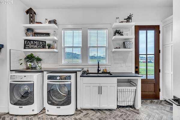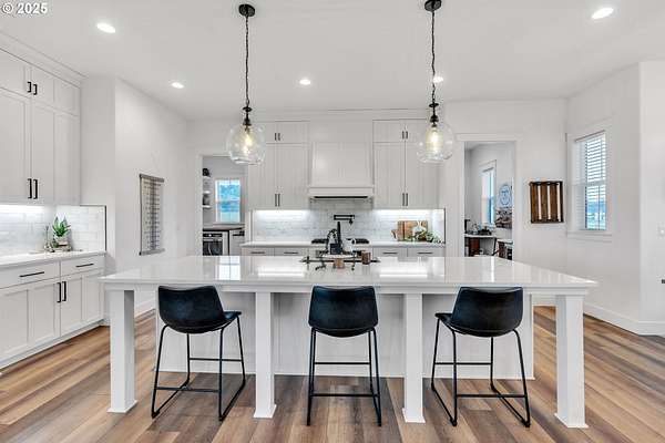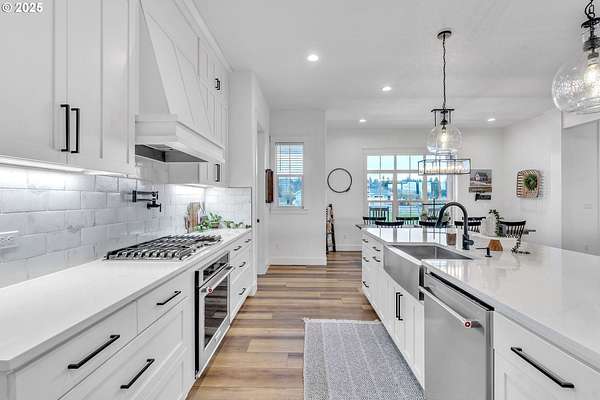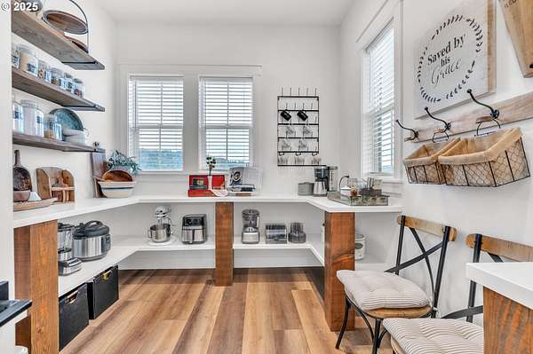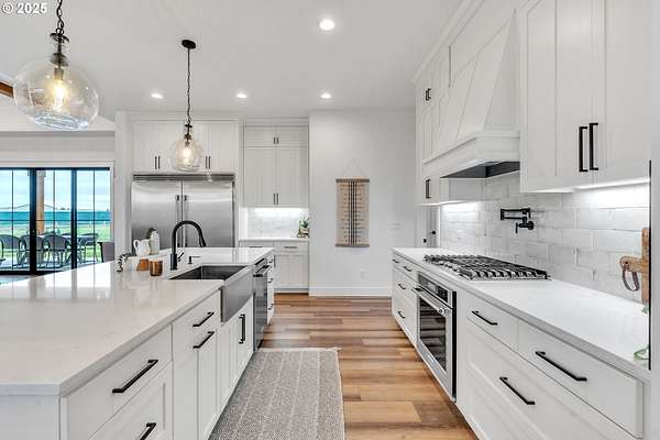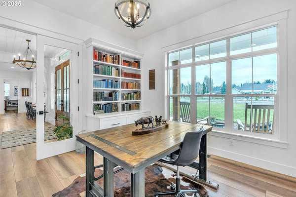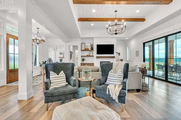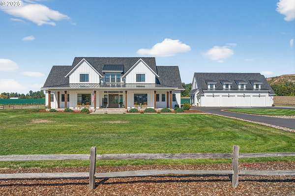 Imagine coming home to two peaceful acres of Northwest beauty with a home that truly has it all. Inside, the main level features a spacious primary suite with spa-like bath, a nearby office, and an inviting living room with fireplace that flows into a chef's kitchen with island, gas range with a pot filler, stainless appliances, and butler's pantry. Step outside to a covered patio with a wood-burning fireplace - an ideal spot for cozy nights and roasting s'mores. Upstairs you'll find a family room with wet bar, dining space, and three more bedrooms, perfect for gatherings or quiet evenings in. Car enthusiasts and hobbyists alike will appreciate the 3-car attached garage paired with a detached garage featuring a full 70x40 workshop, fish cleaning station, bathroom, and a 1,700 sq ft loft above offering 2 bedrooms and 2 baths. It is ideal for hosting guests or multi-generational living. This is a place designed for connection, comfort, and endless possibilities. Check out the feature sheet for more details!
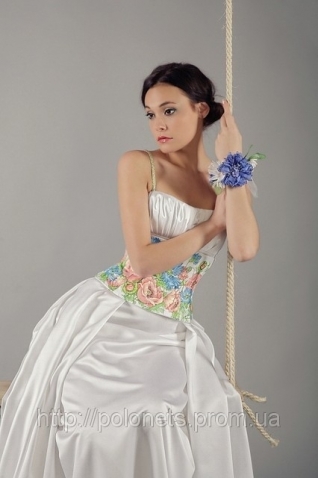 В древней Руси девушки на свадьбу никогда не одевали белое платье, этот обычай привез из Европы Петр Первый. В 15-16 веке русские невесты должны были сшить себе два наряда – один праздничный и яркий, а другой скромный и простой для венчания в церкви. Если вы выбираете сарафан, он должен быть расшитым национальными узорами. Обувь – туфельки или сапожки красного или белого цвета, они могут быть простыми или узорчатыми. Голову невесты украшает венок из полевых цветов или кокошник. Что касается прически, приветствуются косы и убранные назад с помощью различных плетений локоны. Украсить прическу можно цветами и лентами. Макияж русских красавиц несколько отличается от традиционных представлений о красоте – румяные щеки, черные брови и ресницы, накрашенные алой помадой губы.
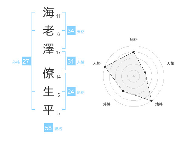 海老澤 僚生平さんを姓名の画数から五運を鑑定
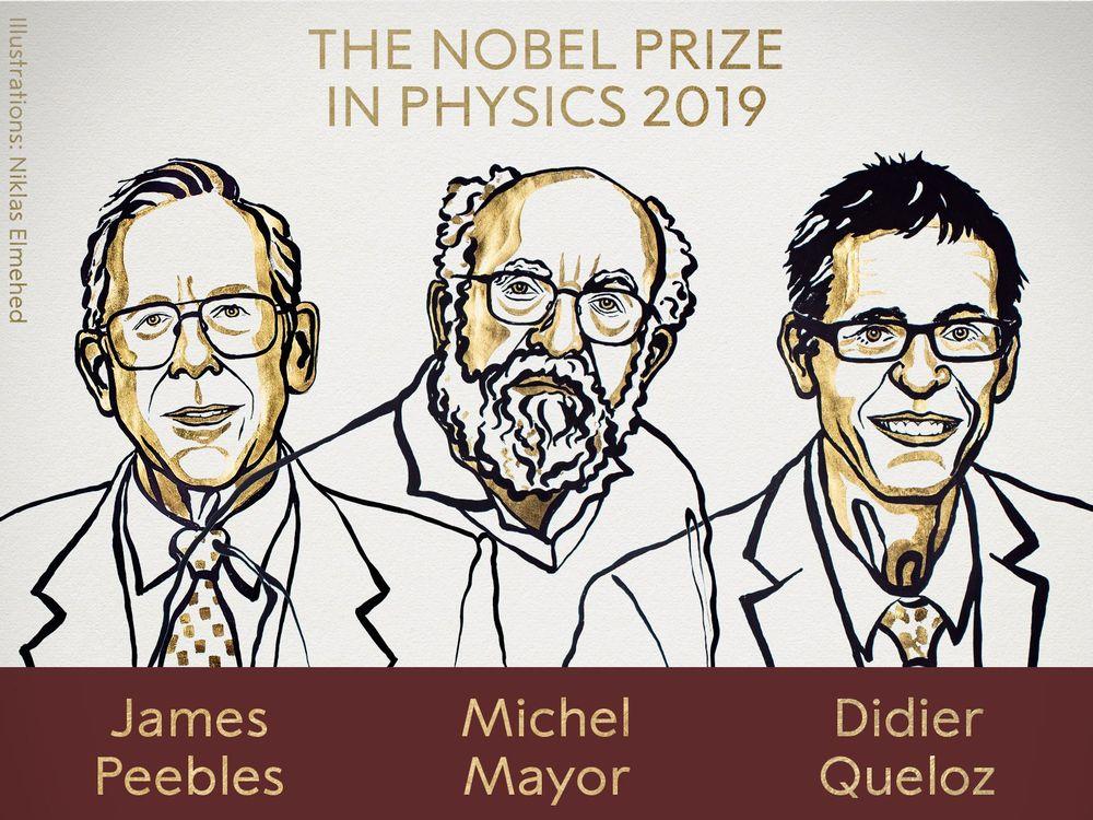 وذكرت لجنة نوبل أن أبحاث بيبلز قدمت أساسا لفهم تاريخ الكون من الانفجار الكبير وحتى اليوم، واكتشف الباحثان السويسريان في عام 1995 كوكبا خارج المجموعة الشمسية، يدور حول نجم شبيه بالشمس.

> _TRY IT_:
Please print the entire listing again exactly, minus its images.

> _ANSWER AREA_:
 Imagine coming home to two peaceful acres of Northwest beauty with a home that truly has it all. Inside, the main level features a spacious primary suite with spa-like bath, a nearby office, and an inviting living room with fireplace that flows into a chef's kitchen with island, gas range with a pot filler, stainless appliances, and butler's pantry. Step outside to a covered patio with a wood-burning fireplace - an ideal spot for cozy nights and roasting s'mores. Upstairs you'll find a family room with wet bar, dining space, and three more bedrooms, perfect for gatherings or quiet evenings in. Car enthusiasts and hobbyists alike will appreciate the 3-car attached garage paired with a detached garage featuring a full 70x40 workshop, fish cleaning station, bathroom, and a 1,700 sq ft loft above offering 2 bedrooms and 2 baths. It is ideal for hosting guests or multi-generational living. This is a place designed for connection, comfort, and endless possibilities. Check out the feature sheet for more details!
 В древней Руси девушки на свадьбу никогда не одевали белое платье, этот обычай привез из Европы Петр Первый. В 15-16 веке русские невесты должны были сшить себе два наряда – один праздничный и яркий, а другой скромный и простой для венчания в церкви. Если вы выбираете сарафан, он должен быть расшитым национальными узорами. Обувь – туфельки или сапожки красного или белого цвета, они могут быть простыми или узорчатыми. Голову невесты украшает венок из полевых цветов или кокошник. Что касается прически, приветствуются косы и убранные назад с помощью различных плетений локоны. Украсить прическу можно цветами и лентами. Макияж русских красавиц несколько отличается от традиционных представлений о красоте – румяные щеки, черные брови и ресницы, накрашенные алой помадой губы.
 海老澤 僚生平さんを姓名の画数から五運を鑑定
 وذكرت لجنة نوبل أن أبحاث بيبلز قدمت أساسا لفهم تاريخ الكون من الانفجار الكبير وحتى اليوم، واكتشف الباحثان السويسريان في عام 1995 كوكبا خارج المجموعة الشمسية، يدور حول نجم شبيه بالشمس.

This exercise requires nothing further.